• **Extracted data entries**
----------------------------------------

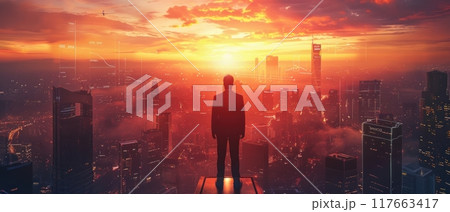 Silhouette of a man standing on a rooftop overlooking a city skyline at sunset.
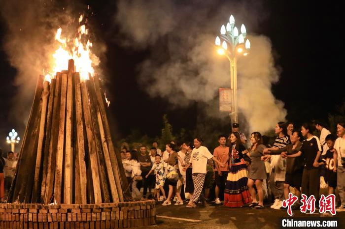 跳躍的火苗映出男女老少微笑的面龐,人們手牽著手,圍著熊熊燃燒的巨大篝火,隨著音樂的律動跳起達體舞,狂歡的夜晚似乎沒有盡頭……29日晚,在四川省涼山州西昌市,燃燒的火把映紅了天空。
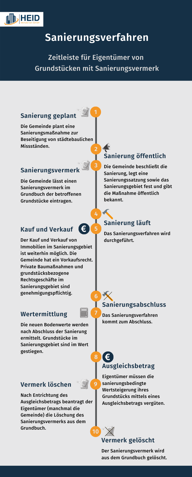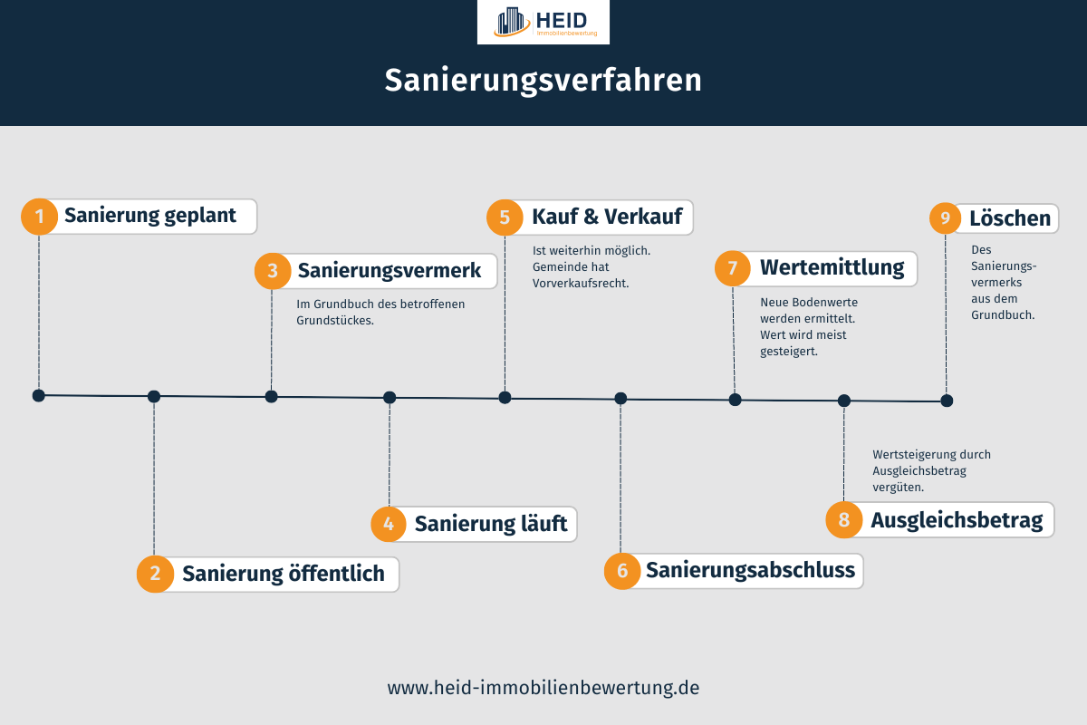 Ein im Grundbuch eingetragenes Sanierungsverfahren seitens der Gemeinde läuft in drei Phasen ab: Vorbereitung, Durchführung und Abschluss.
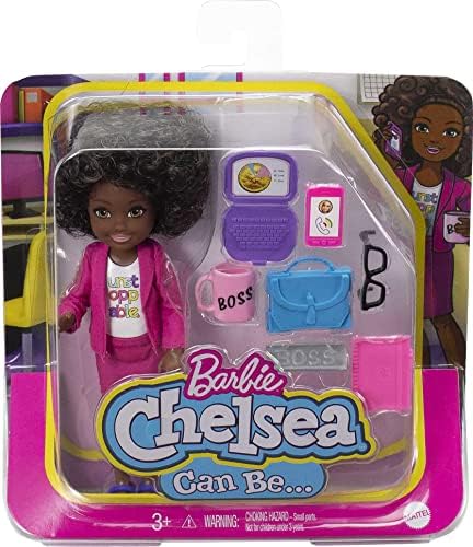 Barbie - Barbie Chelsea Can Be Anything Doll & Playset Brunette Boss Small Doll with Curly Hair Outfit & 7 Career Accessories
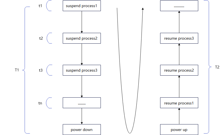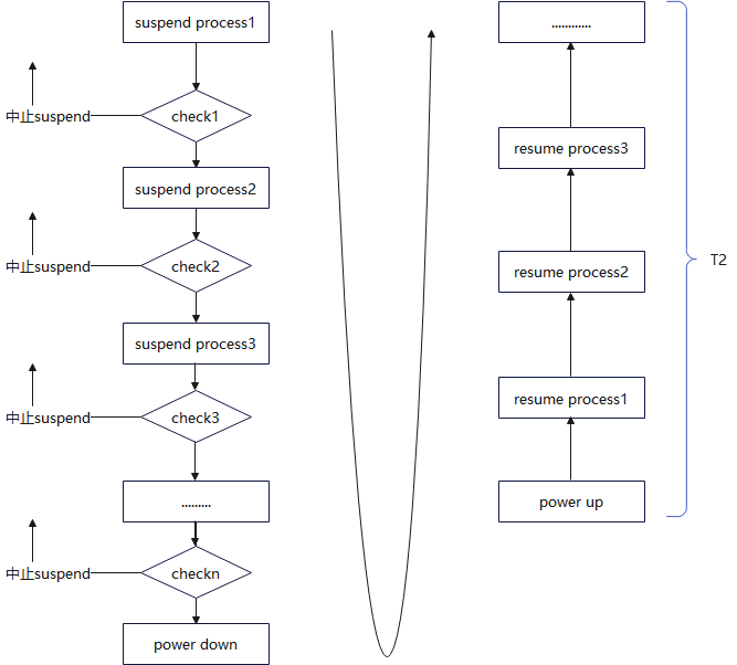 睡眠状态是通过唤醒中断唤醒的,我们无法预知唤醒中断什么时候可以唤醒,如果在睡眠过程中我们不做检查,那么有可能在过程中唤醒中断就到来了,这个时候睡眠继续往下走是没有意义的,空多了一次唤醒过程,如果我们能在睡眠流程中及时发下唤醒中断的到来并及时停止睡眠流程,那么就节省了一次睡眠唤醒时间。我们假设suspend流程耗时T1,resume流程耗时T2,那么经过一次睡眠唤醒耗费在流程上的总时长为T1+T2。试想一下,如果在处理完suspend process1后,在处理suspend process2之前,如果唤醒事件到来,其实本次suspend流程是没有必要继续走suspend process2之后的流程的,T1-t1+T2这段时间的处理纯属浪费,白白多花费了一次睡眠唤醒流程,也延迟了唤醒事件的处理速度。示意图如图19-6所示。
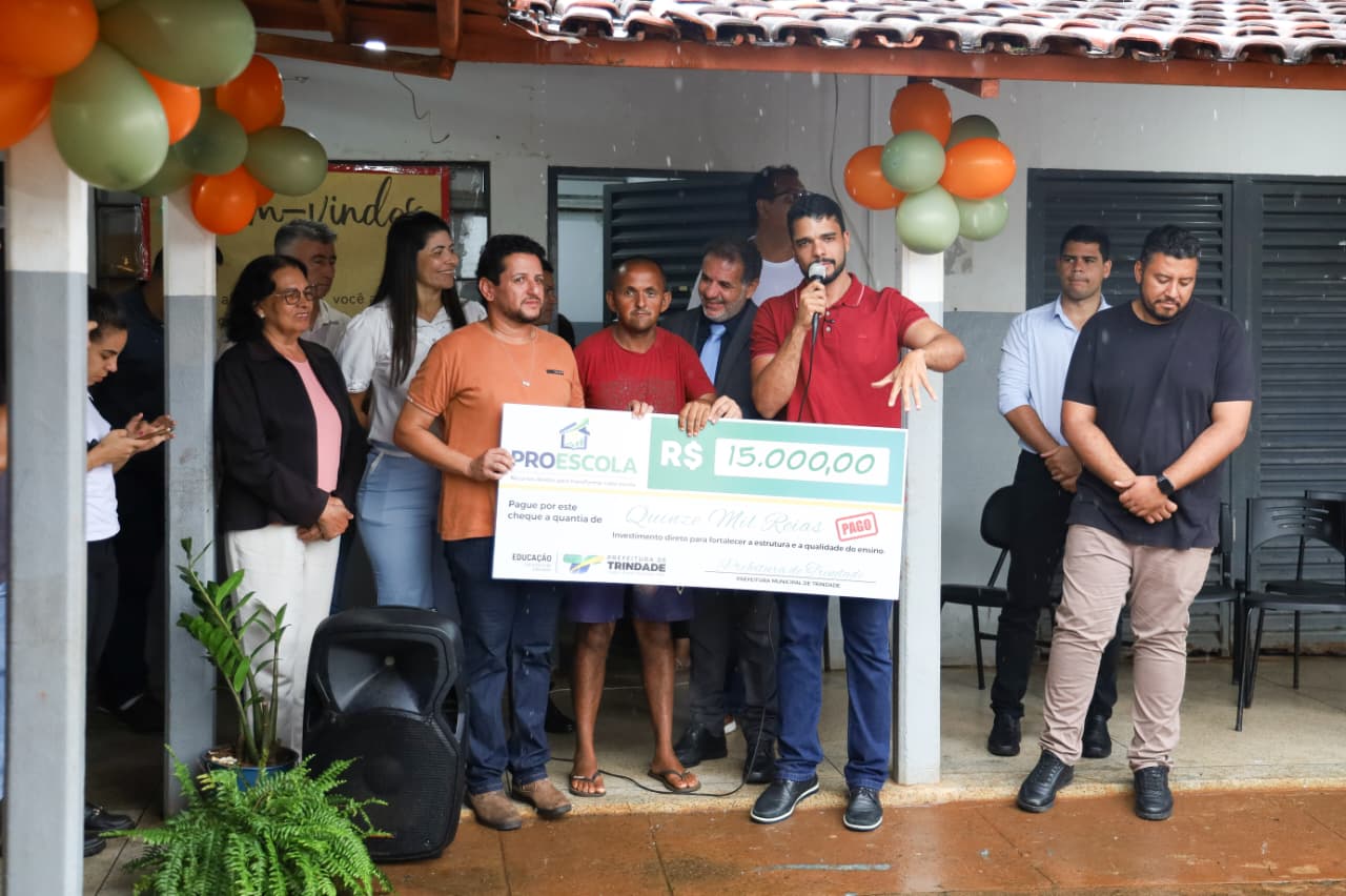 Jessi, também mãe de aluno, valoriza o impacto visual e prático da ação nas escolas: “É tão bom ver a escola todo mundo igualzinho, uniformizado bonitinho, com os materiais, fico muito feliz com esse cuidado da prefeitura de Trindade”.
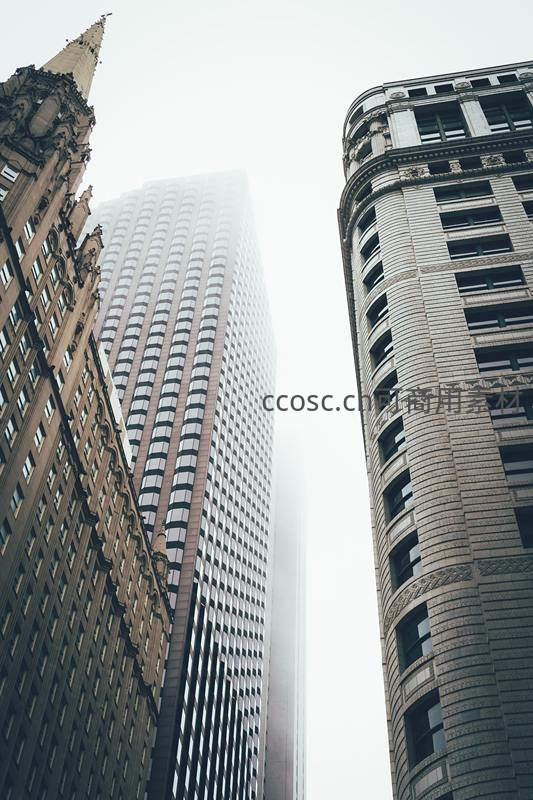 从低角度仰视,三座风格迥异的高楼拔地而起,左侧是哥特式尖塔,中间是现代玻璃幕墙,右侧是弧形复古立面,顶部隐没在浓雾中,展现城市建筑的时空对话。
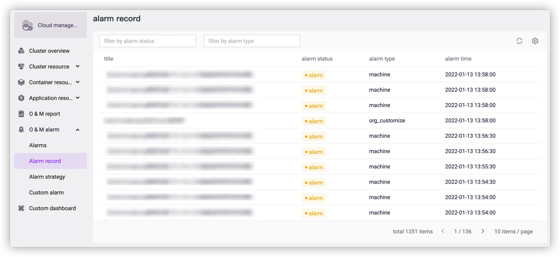 Go to Cloud Management > O&M Alarm > Alarm Record, you can view all the alarm records in the platform.

----------------------------------------

• **Try it**
Leave out the pictures, and give all the records again exactly.

• **Response to the task**
 Silhouette of a man standing on a rooftop overlooking a city skyline at sunset.
 跳躍的火苗映出男女老少微笑的面龐,人們手牽著手,圍著熊熊燃燒的巨大篝火,隨著音樂的律動跳起達體舞,狂歡的夜晚似乎沒有盡頭……29日晚,在四川省涼山州西昌市,燃燒的火把映紅了天空。
 Ein im Grundbuch eingetragenes Sanierungsverfahren seitens der Gemeinde läuft in drei Phasen ab: Vorbereitung, Durchführung und Abschluss.
 Barbie - Barbie Chelsea Can Be Anything Doll & Playset Brunette Boss Small Doll with Curly Hair Outfit & 7 Career Accessories
 睡眠状态是通过唤醒中断唤醒的,我们无法预知唤醒中断什么时候可以唤醒,如果在睡眠过程中我们不做检查,那么有可能在过程中唤醒中断就到来了,这个时候睡眠继续往下走是没有意义的,空多了一次唤醒过程,如果我们能在睡眠流程中及时发下唤醒中断的到来并及时停止睡眠流程,那么就节省了一次睡眠唤醒时间。我们假设suspend流程耗时T1,resume流程耗时T2,那么经过一次睡眠唤醒耗费在流程上的总时长为T1+T2。试想一下,如果在处理完suspend process1后,在处理suspend process2之前,如果唤醒事件到来,其实本次suspend流程是没有必要继续走suspend process2之后的流程的,T1-t1+T2这段时间的处理纯属浪费,白白多花费了一次睡眠唤醒流程,也延迟了唤醒事件的处理速度。示意图如图19-6所示。
 Jessi, também mãe de aluno, valoriza o impacto visual e prático da ação nas escolas: “É tão bom ver a escola todo mundo igualzinho, uniformizado bonitinho, com os materiais, fico muito feliz com esse cuidado da prefeitura de Trindade”.
 从低角度仰视,三座风格迥异的高楼拔地而起,左侧是哥特式尖塔,中间是现代玻璃幕墙,右侧是弧形复古立面,顶部隐没在浓雾中,展现城市建筑的时空对话。
 Go to Cloud Management > O&M Alarm > Alarm Record, you can view all the alarm records in the platform.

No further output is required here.